Анна – Дорогие мои! Милые мои соседи! Тяжёлое, ужасное время выпало на нашу долю. Нет с нами близких и любимых людей! Героически погиб Вадим Кузьмич, защищая нас с вами и наш город, ушли из жизни Алевтина Григорьевна и Лев Сергеевич. Но они всё равно с нами, в наших сердцах! Вечная им память!

Все встают, молча пригубляя рюмки.

Толя – Мой папа тоже пойдёт на фронт!
Ольга – Он подал заявление.
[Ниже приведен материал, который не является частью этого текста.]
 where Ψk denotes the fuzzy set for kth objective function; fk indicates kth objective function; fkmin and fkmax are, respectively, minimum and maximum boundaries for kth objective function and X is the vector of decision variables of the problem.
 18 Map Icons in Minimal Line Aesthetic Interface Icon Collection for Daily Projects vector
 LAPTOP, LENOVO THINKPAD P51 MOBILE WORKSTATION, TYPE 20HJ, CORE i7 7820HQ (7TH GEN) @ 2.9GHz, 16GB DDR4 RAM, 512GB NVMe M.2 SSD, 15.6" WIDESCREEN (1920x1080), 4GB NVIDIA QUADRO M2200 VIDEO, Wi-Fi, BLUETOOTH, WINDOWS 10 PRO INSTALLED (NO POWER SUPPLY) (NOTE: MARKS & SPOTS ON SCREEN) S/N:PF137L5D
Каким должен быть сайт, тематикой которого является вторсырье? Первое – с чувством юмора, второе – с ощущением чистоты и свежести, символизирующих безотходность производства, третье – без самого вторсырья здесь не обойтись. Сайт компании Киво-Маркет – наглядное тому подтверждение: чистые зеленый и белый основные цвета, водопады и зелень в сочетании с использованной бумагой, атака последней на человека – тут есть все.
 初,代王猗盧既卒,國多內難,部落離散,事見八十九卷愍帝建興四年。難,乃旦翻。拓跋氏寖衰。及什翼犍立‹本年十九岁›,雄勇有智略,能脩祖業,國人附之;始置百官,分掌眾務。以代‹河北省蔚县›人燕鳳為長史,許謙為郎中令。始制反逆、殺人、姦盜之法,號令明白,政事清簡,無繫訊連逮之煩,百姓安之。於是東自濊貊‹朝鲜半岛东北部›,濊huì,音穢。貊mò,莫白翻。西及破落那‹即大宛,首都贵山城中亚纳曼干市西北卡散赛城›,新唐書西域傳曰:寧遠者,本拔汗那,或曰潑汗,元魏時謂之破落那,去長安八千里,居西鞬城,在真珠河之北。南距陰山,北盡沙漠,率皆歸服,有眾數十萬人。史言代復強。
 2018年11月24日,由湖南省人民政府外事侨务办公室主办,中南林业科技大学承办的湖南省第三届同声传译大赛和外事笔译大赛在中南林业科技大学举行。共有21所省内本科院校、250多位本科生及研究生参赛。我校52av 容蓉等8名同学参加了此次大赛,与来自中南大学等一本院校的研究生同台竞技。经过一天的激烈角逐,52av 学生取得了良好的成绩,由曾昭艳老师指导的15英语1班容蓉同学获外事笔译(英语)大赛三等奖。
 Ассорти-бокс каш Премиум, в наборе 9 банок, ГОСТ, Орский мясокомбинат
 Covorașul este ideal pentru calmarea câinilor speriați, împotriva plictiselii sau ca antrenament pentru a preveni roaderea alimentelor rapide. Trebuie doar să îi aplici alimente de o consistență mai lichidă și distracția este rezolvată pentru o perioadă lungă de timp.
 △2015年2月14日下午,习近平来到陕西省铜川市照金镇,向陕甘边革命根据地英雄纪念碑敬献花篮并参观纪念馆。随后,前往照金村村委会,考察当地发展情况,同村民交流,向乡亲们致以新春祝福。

Его должны скоро выписать из стационара.
Анна – Тогда – за твоего папу и за то, чтобы мы все пережили эту зиму и дождались победы!
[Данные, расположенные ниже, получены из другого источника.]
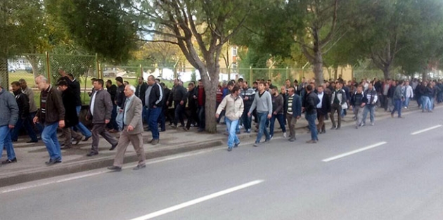 MANİSA'nın Soma İlçesi'ndeki Eynez Maden Ocağı'nda çalışan 200 madencinin bu ay ücretlerini alamadıkları gerekçesiyle dün başlattıkları eylem bugün de sürüyor. Cengiz Topel Meydanı'nda toplanan madenciler, sloganlar eşleğinde yürüyüşe geçti. İlçede tur atacakları belirtilen işçileri polis uzaktan takip ediyor.
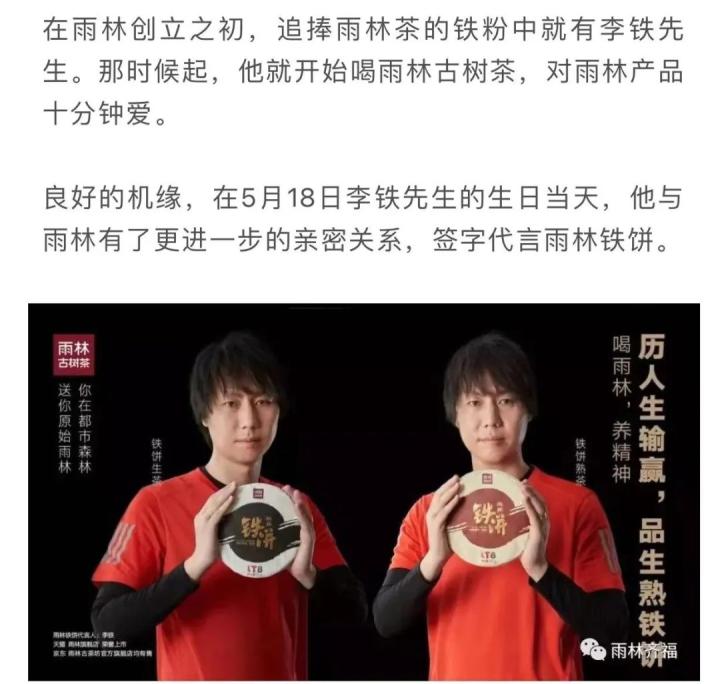 雨林古茶坊公开消息称,李铁是在2017年5月18日生日当天签字代言雨林铁饼的,而地点则选在沈阳李铁足球公园,当天也是该公园的开园庆典。
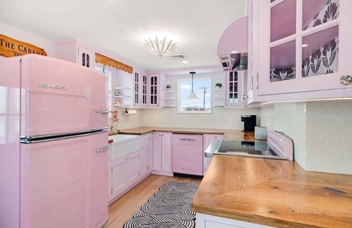 Inside, you'll find vibrant and creative decor that evokes the carefree spirit of summer along with delightfully unique themes for each room. Upon entry you'll be greeted by a cotton candy colored kitchen, even the appliances play along! The adjacent living room theme pivots to black and white with a cozy striped sectional and wooden chairs for additional seating. The dining room has ample seating for 8 and is anchored by a jocose wrought iron floral light fixture.
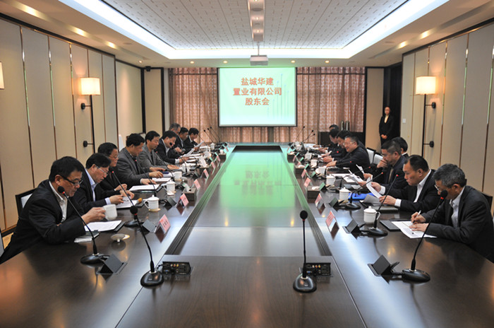 4月7日下午,鹽城華建置業有限公司股東會2014年會在華建企業展示中心召開,華建地產董事長程杰主持會議,會議聽取并審議通過了繆文明代表鹽城華建經營層所作的工作報告。
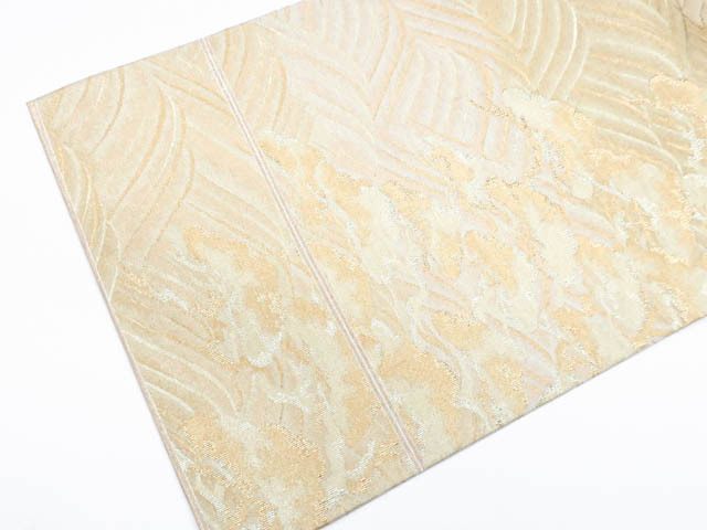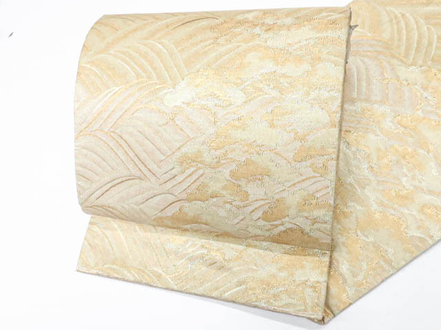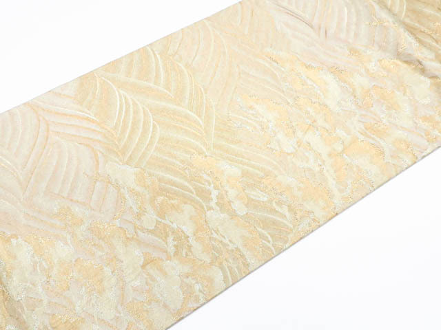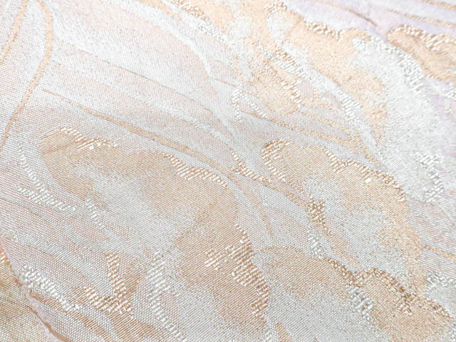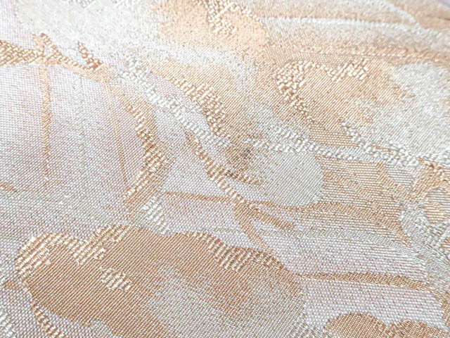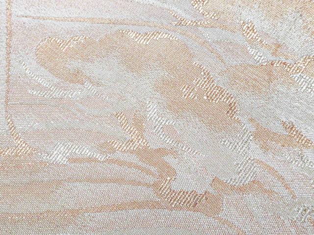 リサイクル商品の為、所々擦れ、折れ山薄汚れがございますがご着用いただけると存じます。 地色は金です。 1枚目の画像が近いお色かと思われます。 素材は正絹です。 |

Все чокаются друг с другом, Толик тоже.

Евдокия Фёдоровна – Неужели мальчику налили спирт? 
Ольга – Что Вы? Рахиль Абрамовна обнаружила у себя баночку мёда, Вот Толику с водой и развели. Правда, вкусно, Толя?
Толя – Очень! Хотите, тётя Дуся!
Евдокия Фёдоровна – Спасибо, спасибо, сынок! Пей на здоровье! А ешь ты что-то ленно?
Толя – Нас в садике так учили: если долго-долго жевать каждый кусочек, тогда больше пользы будет, и сытость скорее настанет.
Евдокия Фёдоровна – Спасибо, Толенька! Я попробую тоже так есть.
Анна – Уже почти двенадцать!

Анна увеличивает громкость. Бьют куранты. Все обмениваются пожеланиями и поздравлениями. Потом Анна берёт гитару и поёт «Мой костёр в тумане светит…»

Ольга Берггольц
 
О, ночное воющее небо,               
Дрожь земли, обвал невдалеке,
Бедный ленинградский ломтик хлеба –
Он почти не весит на руке…
Для того чтоб жить в кольце блокады,
Ежедневный смертный слышать свист -
Сколько силы нам, соседка надо,
Сколько ненависти и любви… 
И какой далёкой, давней-давней
Нам с тобой покажется война
В миг, когда толкнём рукою ставни,
Сдёрнем шторы чёрные с окна…
Будем свежий хлеб ломать руками,
Тёмно-золотистый и ржаной.
Медленными, крупными глотками
Будем пить румяное вино.
 
Занавес.
 
Экран дня – 24 января 1942 г., суббота. 
Температура воздуха: - 20,8°С днём, - 32,1°С ночью.
На карте – положение войск на фронтах и под Ленинградом.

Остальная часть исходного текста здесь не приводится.